Parte della dottrina, sostenendo l'invalidità di una siffatta clausola, considera la previsione di una disdetta contestuale alla formazione del contratto come una modificazione “del tipo contrattuale adottato dal legislatore, attraverso un artificio formale che riconduce la locazione al tipo negoziale a tempo determinato tout court non prescelto dallo stesso”. Secondo questo orientamento, la clausola contrattuale di non rinnovabilità alla prima scadenza comporterebbe quindi l'alterazione del contenuto della locazione che, secondo il modello legale tipico ed inderogabile, “deve caratterizzarsi per un doppio ciclo di durata minima ed uniforme” (Izzo).

Viceversa, ad avviso della Corte d'Appello di Genova - al pari di precedenti giurisprudenziali di rilievo - è pienamente valida la clausola di non rinnovo del contratto alla seconda scadenza contrattuale. Per il giudice di secondo grado, infatti, deve essere considerata valida tale clausola purché però la medesima sia formulata in modo da far conoscere inequivocabilmente al conduttore la cessazione, anche in assenza di ulteriore disdetta, del rapporto locativo. Da ciò deriva che deve essere confermata alle parti la facoltà, nello stipulare il contratto di locazione, di stabilire le modalità di fine rapporto, “essendo l'efficacia dell'atto di disdetta correlata soltanto alla sua efficacia notificativa” (ovvero alla sua idoneità ad assicurare l'effettiva conoscenza, da parte del conduttore, della futura cessazione del rapporto alla sua scadenza). “In mancanza di un divieto formale, ovvero di contrasto con gli assetti di interesse tutelati dalla legislazione speciale, appare infondata l'asserzione che postuli una disdetta necessariamente successiva al perfezionamento del contratto” (Mascia, Masoni).

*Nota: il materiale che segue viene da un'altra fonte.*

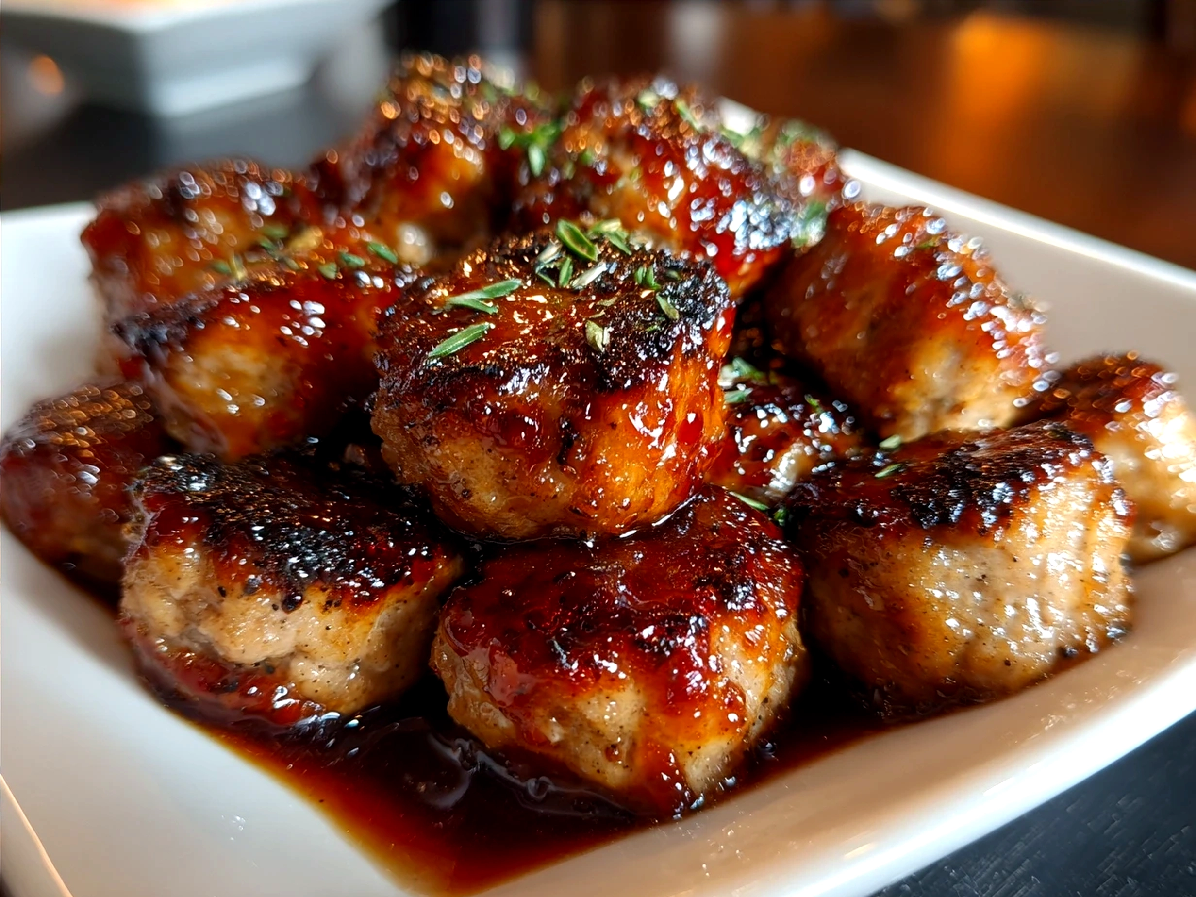 - Watch carefully. Your BBQ Sausage Bites develop a deep, sticky texture as you approach readiness. The rendered fat will bubble, and the barbecue aroma will fill your kitchen or backyard.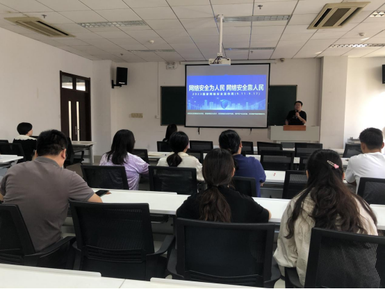 随后,青年理论学习小组成员李德宝结合近期网络安全宣传周相关内容,以《网络安全为人民 网络安全靠人民》为主题,通过数据分析和现实案例宣传网络安全理念、普及网络安全知识并推广网络安全技能,引导大家时刻警惕互联网背后存在的安全隐患,共筑网络安全防线,保障学校继续教育工作安全稳定发展。

Dottrina consolidata sostiene, in proposito, che una siffatta clausola avrebbe come effetto non una deroga al ciclo di durata minima garantita dalle normative sulla locazione, quanto piuttosto alla previsione dell'art. 1597 c.c., che, agli effetti dell'esclusione della rinnovazione del contratto, richiede il previo invio della disdetta. In difetto di tempestiva disdetta, l'effetto della non rinnovazione del contratto sarebbe direttamente ricollegabile a tale clausola, legittimando l'instaurazione del procedimento di sfratto per finita locazione.

Riferimenti

Mascia, Valida la clausola di risoluzione del contratto di locazione dopo il primo rinnovo tacito, in IUS Condominio e locazione, 2022;

Masoni, L'estinzione del rapporto di locazione. Profili sostanziali e processuali, Milano, 2011, 343;

Masoni, La clausola di non rinnovo alla seconda scadenza della locazione, in Immob. & diritto, 2011, fasc. 2, 45;

Izzo, La disdetta contestuale al contratto di locazione, in Giust. civ., 1995, I, 2381.